During his time at UCSC, Alejandrez founded Barrios Unidos, a youth violence prevention organization. He has gone on peace delegations around the world with the United Nations.
Activists on Campus
“When I came to campus, my activism didn’t stop,” Serna said.
Though Serna said he didn’t meet many welcoming professors, those who were welcoming made a lasting impression on him.
“There were some unbelievable human beings who were teachers. They would take us into their homes and take us into their confidence,” Serna said. “As a result, they would change, their families would change, their children would change. And the institution would change.”
Looking at UCSC activism now, Serna says the issues are different, but Chavez’s general message remains as relevant today as in the 1970s. That message is one of collective action and hope for the future.
“You cannot take the activism we took up. That was our battle. You gotta take your own,” Serna said. Students at UCSC are heeding this advice and cultivating new ways to continue Chavez’s legacy on campus.
Current student Andres Arias uses UCSC’s research capabilities to do what he calls “engaged scholarship.” Through the Working for Dignity project, Arias and other students found that over 56 percent of Santa Cruz low-wage workers are Latinx.
Over the years, the concentration of Latinx workers in the service sector has grown. It is an area of employment with low wages and few benefits.
“It went from agricultural work to service sector work,” Arias said. “The vision of Cesar Chavez is something we’re still fighting for through the work that we’re doing.” The Working for Dignity researchers found patterns of wage theft, discrimination, harassment and unsafe or unhealthy working conditions. They work to provide a record of these violations and inform workers of their rights.

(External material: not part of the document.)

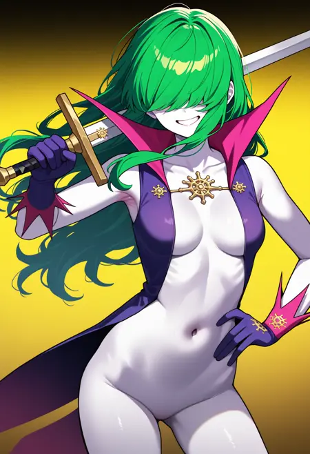 nmu, green hair, hair over eyes, long hair, white skin, purple vest, open vest, brooch, high collar, purple gloves, navel, coattails, purple boots

UCSC has held a convocation in the memory of Cesar Chavez for the last 12 years to highlight leaders who preserve his message through community engagement and activism.
“The Cesar Chavez Convocation is continuing the legacy. It’s continuing to advocate for this ideal that Cesar Chavez envisioned,” Arias said. “And that’s the legacy we’re trying to continue.”
Serna is looking to the next generation of UCSC students to continue building on Chavez’s message.
“With this verse I say farewell
From this famed California.
If you have not been well-versed,
Pardon my meager effort
But what this ballad expresses –
Are all things that happened to me.”
The 13th annual Cesar Chavez Convocation will be held May 18 at the College Nine and Ten Multipurpose Room at 7 p.m.